In an arts age where multi-media feels like a necessity in contemporary performance mediums, 13 Most Beautiful was a refreshingly simple and elegant fusion of live performance and film. Projected onto a basic large screen directly above the band, Warhol’s subjects confront the camera and ultimately themselves. The unsympathetic eye of the camera seems to evoke an inward gaze in Warhol’s subjects as they stare down, defy, or flirt with the mirror of the camera lens.

Young women wear thick eyeliner and heavy mascara, and youthful men often project a 60’s cool and confrontational persona. Screen Test subjects are so honest and unadulterated, it’s like going back in time to stand face to face with a young and hopeful 60’s generation. And yet, this is all history.
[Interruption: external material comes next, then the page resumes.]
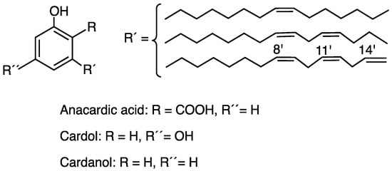 - Suo, M.R.; Isao, H.; Ishida, Y.; Shimano, Y.; Bi, C.X.; Kato, H.; Takano, F.; Ohta, T. Phenolic lipid ingredients from cashew nuts. J. Nat. Med. 2012, 66, 133–139. [Google Scholar] [CrossRef] [PubMed]

These men and women must now be in their 60’s or 70’s, if even they are still alive.

In front of you, the live band performs with a hip and relaxed perfection, never overpowering or manipulating the images. The music is mesmerizing, driving, and soothing at times, with complexly designed rhythms and repetitive melodies subtly layered and interwoven. Not just a live presentation of a film underscore nor a rock concert with media, 13 Most Beautiful finds instead a symbiotic relationship between the live band and the 40-year-old film footage. In this way, time and emotion are intertwined in a hypnotic and charismatic performance.

The show creates a perfect harmony for the Festival itself, as the performances are all now history. And yet, the Festival’s influence and ambition is sure to continue to inspire and motivate this city and its arts in this present time and the future.